Andrew Johnson
The Impeachment of President Andrew Johnson, May 1868
In May 1868, the Senate came within a single vote of taking the unprecedented step of removing a president from office. Although the impeachment trial of Andrew Johnson was ostensible about a violation of the Tenure of Office Act, it was much more than that. Also on trial in 1868 were Johnson’s lenient policies toward Reconstruction and his vetoes of the Freedman’s Bureau Act and the Civil Rights Act. The trial was above all else a political trial, a test of strength between the Legislative and Executive Branch of government.
Andrew Johnson’s presidency was a tragic one for him and the nation. It is possible that the problems of Reconstruction were too difficult for any statesman to solve, but Johnson’s truculence, his insensitivity to the plight of black Americans, and his unimaginative adherence to constitutional doctrines at variance with practical realities all made matters worse. The imposition of Reconstruction exacerbated a heritage of bitterness between the sections and races. That is, southerners ultimately took out their frustration on their hapless black constituents when they were able to gain control over the internal policies of their states. For nearly a century white segregationists imposed many cruel and inequitable practices on blacks in retribution for Reconstruction Laws passed and executed by Northern legislators.
Andrew Johnson was a lifelong Democrat and slave owner who won a place alongside Abraham Lincoln on the 1864 Republican ticket in order to gain the support of pro-war Democrats.
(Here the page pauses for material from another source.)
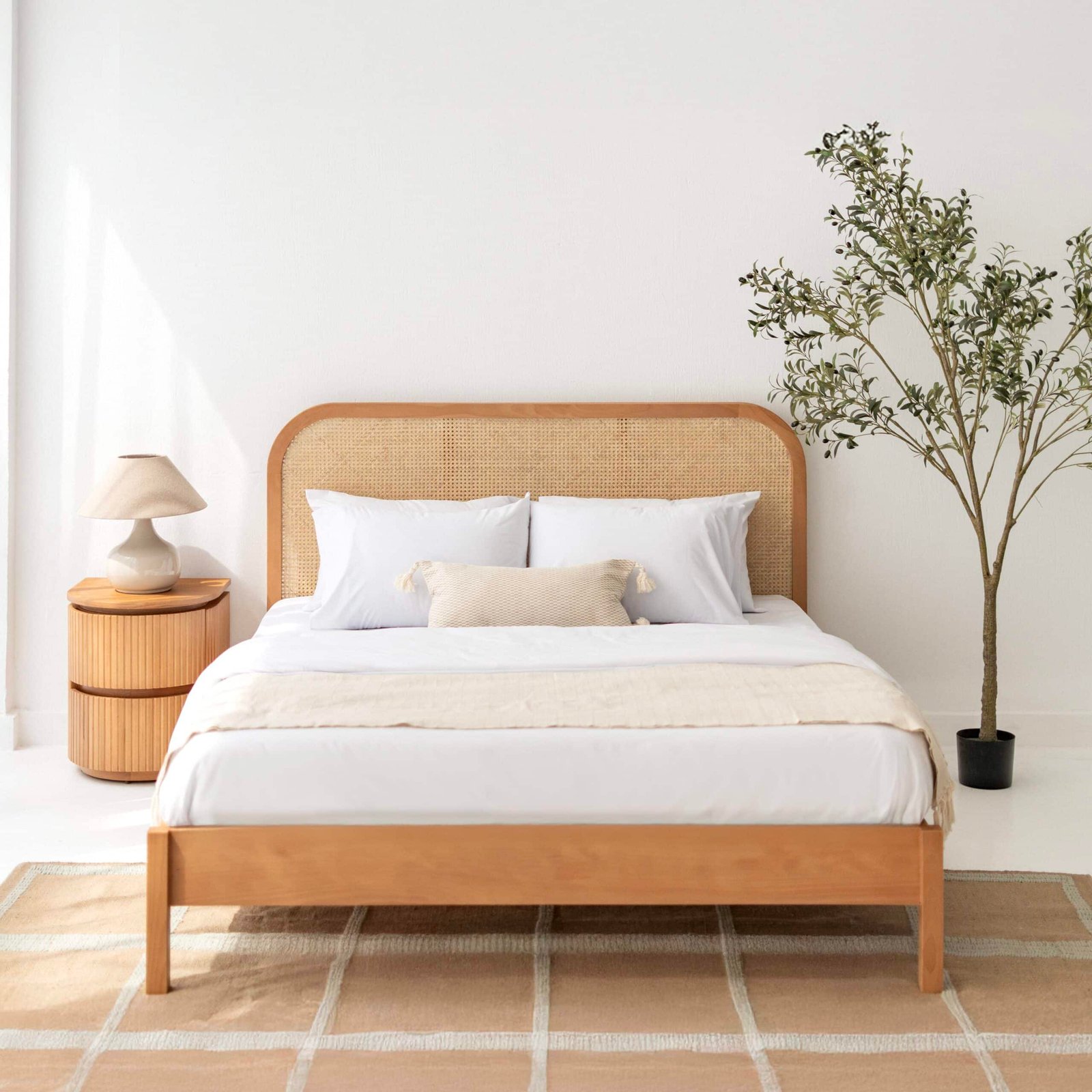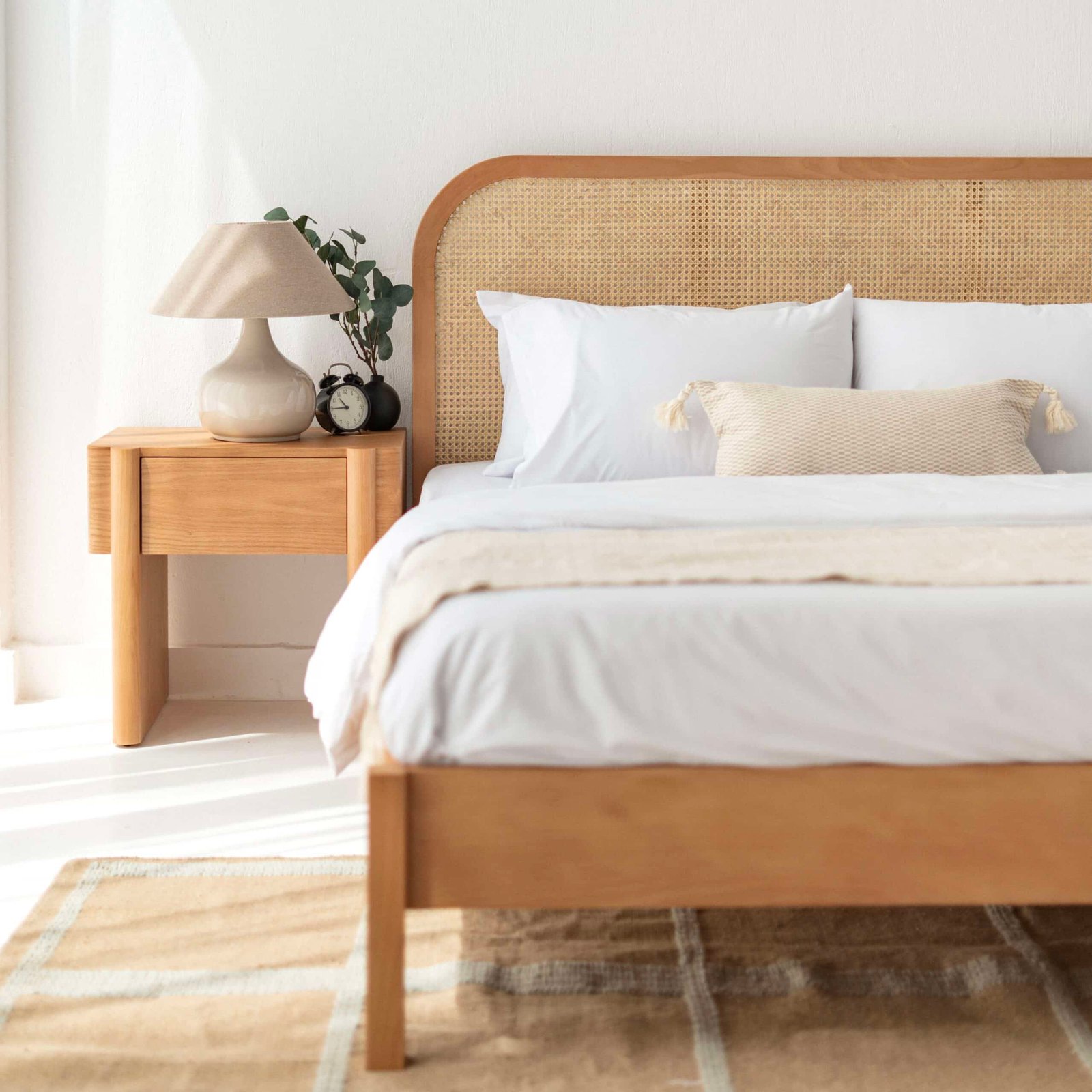 Deva Rattan Bed + 2 Beyla Night stands

Johnson was fiercely pro-Union and had come to national prominence as a hero to the North when, as a Senator from the important border state of Tennessee; he denounced secession as “treason.” Because of his courageous stand, Johnson along with his family had to flee Tennessee to avoid execution at the hands of Confederates.
Johnson faced the knottiest problem of the post—Civil War era—formulating a policy for restoring the Union. Difficult for Lincoln, this task was even harder for Johnson. Johnson did not understand Northern attitudes toward slavery. Instead, as a Southerner he displayed alternately a sympathetic paternalism and contemptuous hostility. A strict constructionist who believed in limited government, Johnson found federal domination of the people of the South extremely distasteful. He wanted no major change in the relationship between the national government and the states. Johnson’s program left the decision of how to cope with emancipation completely in the hands of white Southerners. Southerners enacted Black Codes that de facto returned Negroes to slavery. Northerners justifiably feared that freedmen’s basic rights of citizenship would not be recognized. Johnson in 1866 completely broke with the Republican Party when he vetoed civil rights laws designed to protect the rights of ex-slaves.
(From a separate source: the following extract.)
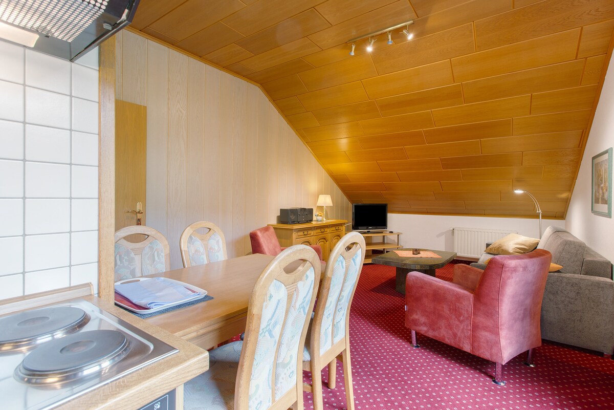 Stan se nalazi u centru spa centra Bad Vildua, odmah pored * **Göbel 's Hotel Quellenhof. Sadržaji hotela sa restoranom, barom, konzervatorijumom, kazinom mogu se koristiti uz naknadu, korišćenje spa centra sa unutrašnjim i spoljašnjim bazenom, hidromasažnom kadom, saunama i teretanom uključeni su u cenu apartmana.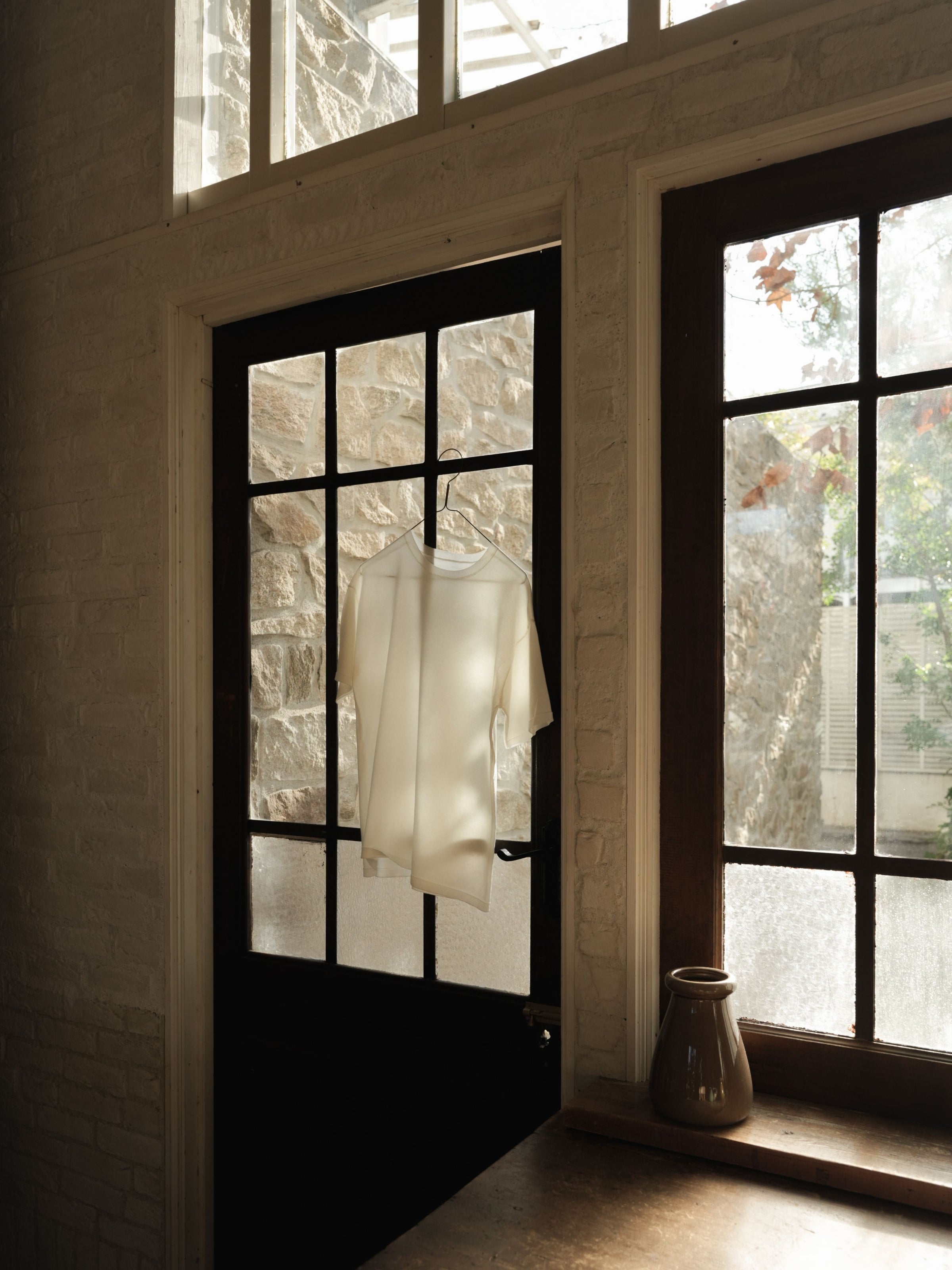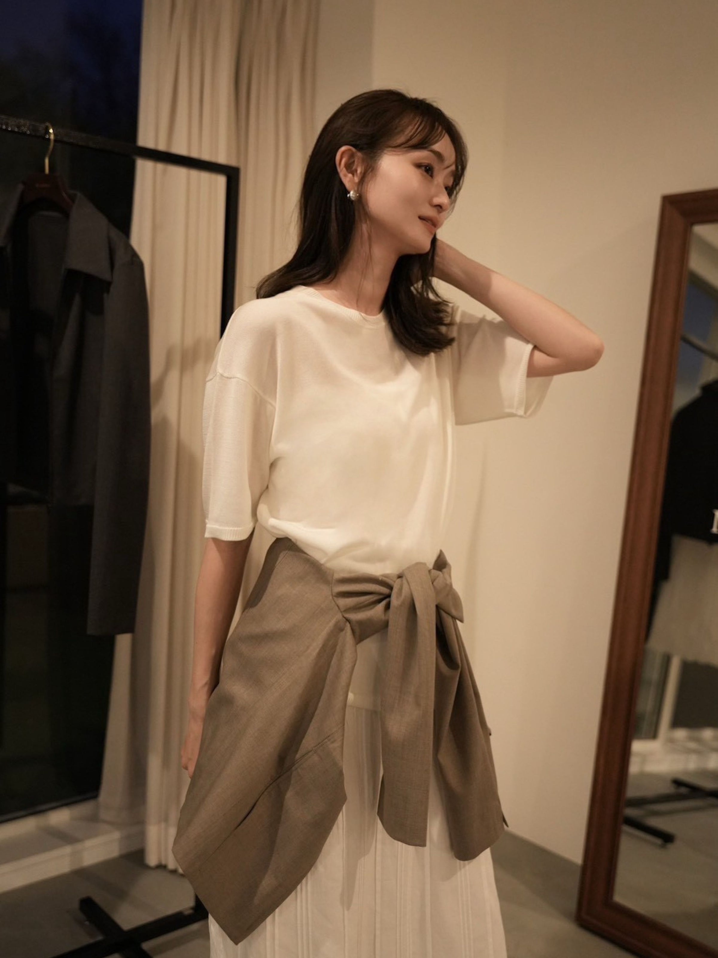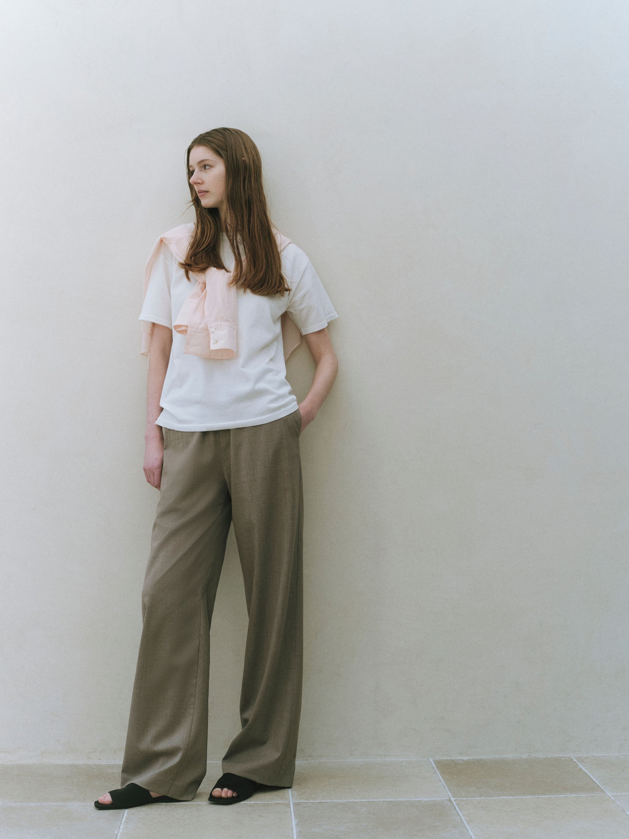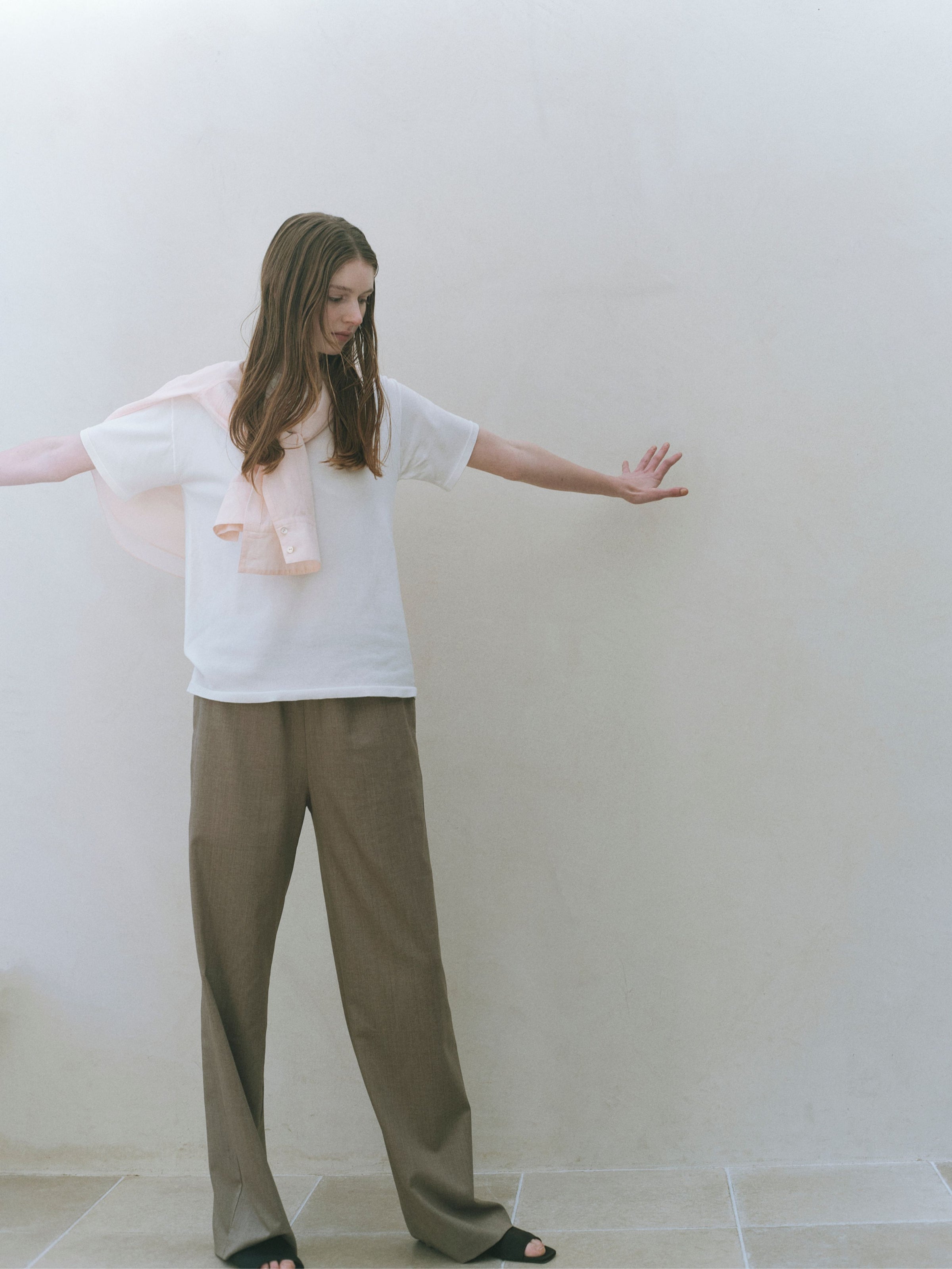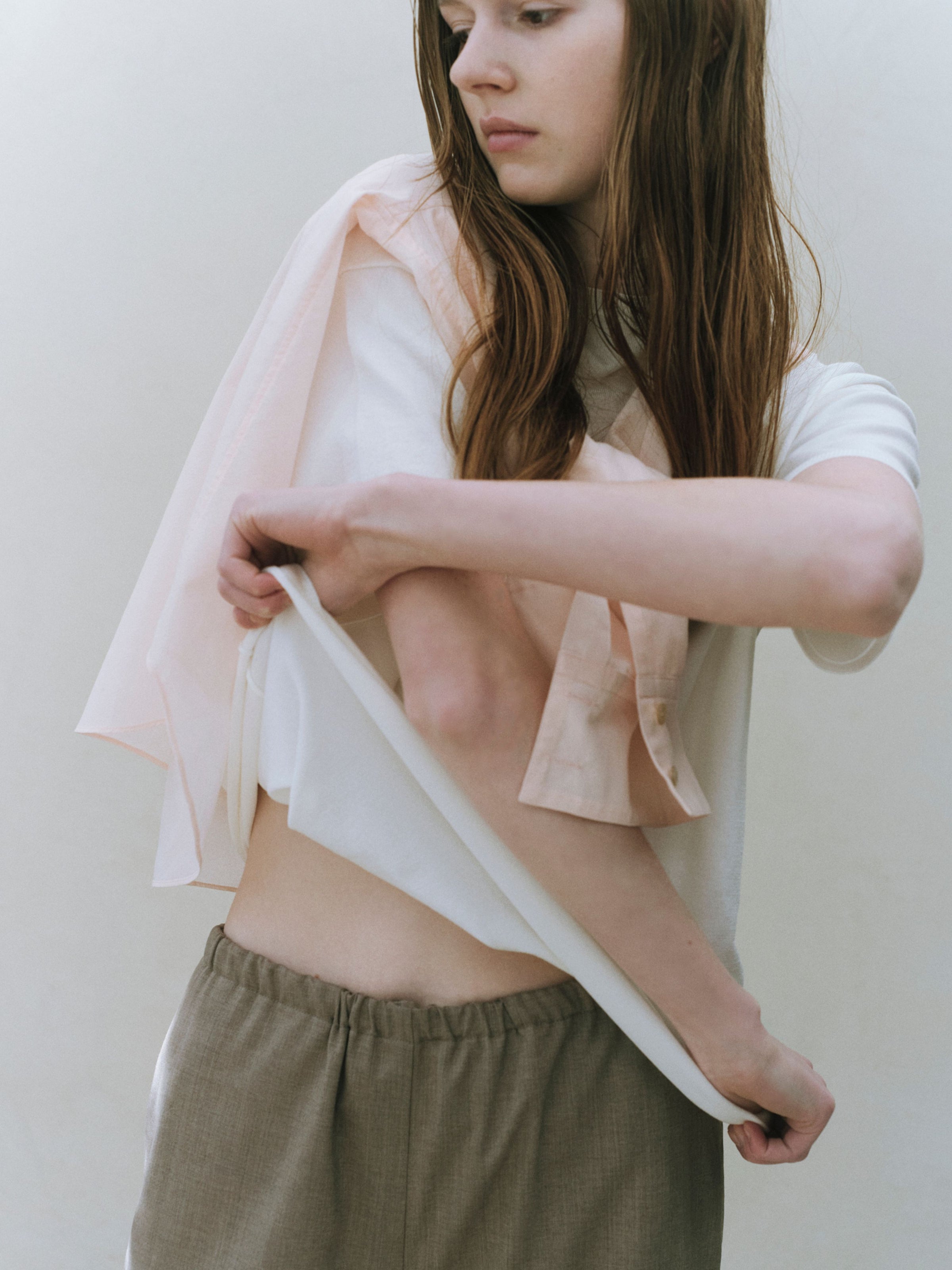 一枚でも、インナーとしても成立し、重ねるアイテムの表情を邪魔することなく、全体に軽さと奥行きをもたらします。

In 1867, Congress set aside the governments Johnson had created in the South and put Southerners under military supervision until new governments based on civil and political rights were establish. To Johnson this marked the total subversion of the federal system. He hindered the Army’s enforcement of the reconstruction laws through his power as commander in chief. When Johnson tried to gain control of the Army in February 1868, removing the secretary of war, he was impeached by the House of Representatives and tried before the Senate. Furthermore, Johnson in a series of combative speeches lashed out at his congressional critics, calling them “traitors.” He compared the ultra radical Thaddeus Stevens, Wendell Phillips, and Charles Sumner of comparing themselves to the “Savior.” Johnson’s intemperate speeches would later become the basis for articles of impeachment.
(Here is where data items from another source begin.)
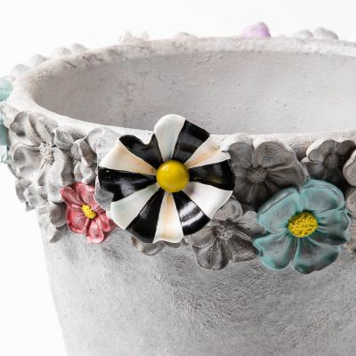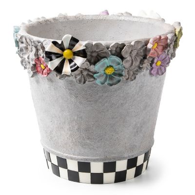 This large pot, made of resin with a concrete finish, features dimensional, hand-painted florals and a Courtly Check® and Stripe dragonfly. Place a container plant—real or faux—inside and prepare for the rave reviews.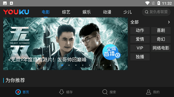优酷hd平板是为安卓平板用户提供影视视频播放观看的应用平台,精选热门推荐,剧集、电影、综艺、动漫、娱乐等一网打尽,一键搜索直达,视频播放高清流畅,支持在线缓存,我的看单、历史记录一目了然,随时随地想看就看,涨跌推荐!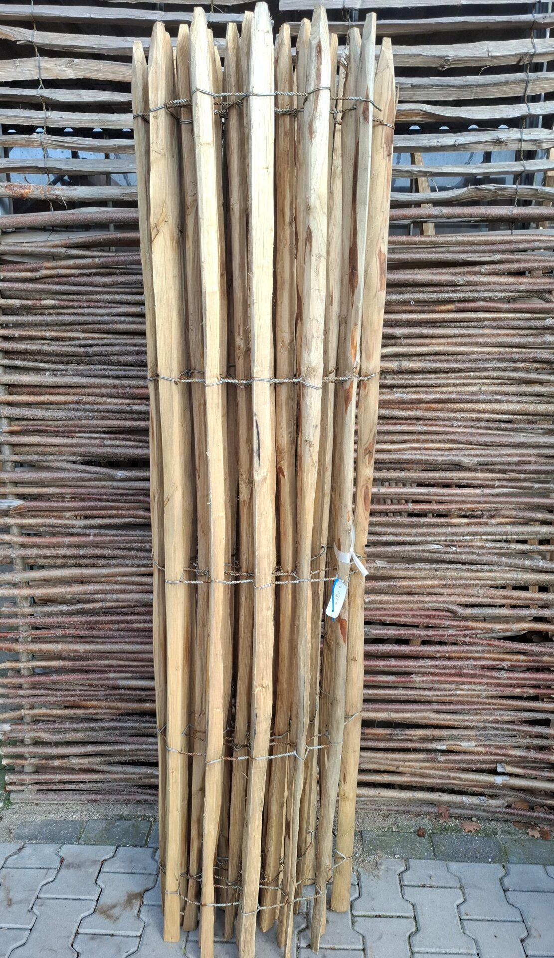 Nr 183 Frans Schapenhek kastanje 200 cm hoog, latafstand 6 cm. Lengte 420 cm

Johnson actively opposed the Fourteenth Amendment known today for its requirement that states guaranteed equal protection and due process law. Johnson’s opposition to the amendment was based upon its requirements that the southern states needed to assent to the Fourteenth Amendment, frame a new constitution with delegates chosen without regard to color, and submit the new Constitution to the Congress for examination. Johnson felt that this reduced southerners to “the most abject and degrading slavery” for it emasculated their states rights.
The issue that finally led to Johnson’s impeachment was his alleged violation of the Tenure of Office Act. This act, passed in 1867, prevented the President from removing from office without the concurrence of the Senate, those officials whose appointment required Senate approval. The Act was passed primarily to preserve in office as Secretary of War Edwin Stanton, a holdover from the Lincoln Administration. Johnson and Stanton differed sharply on Reconstruction; however, their final bitter estrangement erupted when Johnson learned Stanton had withheld petitions from five members of the military commission that had convicted Mary Surratt urging her death sentence be commuted to imprisonment. When Stanton notified his Capital Hill allies of the presidential order to vacate his office, he received from Senator Summer a one- word telegram: “Stick.” Impeachment in the House for violation of the Tenure Act and other “ high crimes and misdemeanors” shortly followed.
During the trial, Johnson proved to be an able witness, highlighting his isolation in the face of the Radical Republicans and his concern over the Separation of Powers between (1) the President and Congress and (2) the federal and state governments. Furthermore, his counsel argued effectively that impeachment would violate the free speech clause of the First Amendment.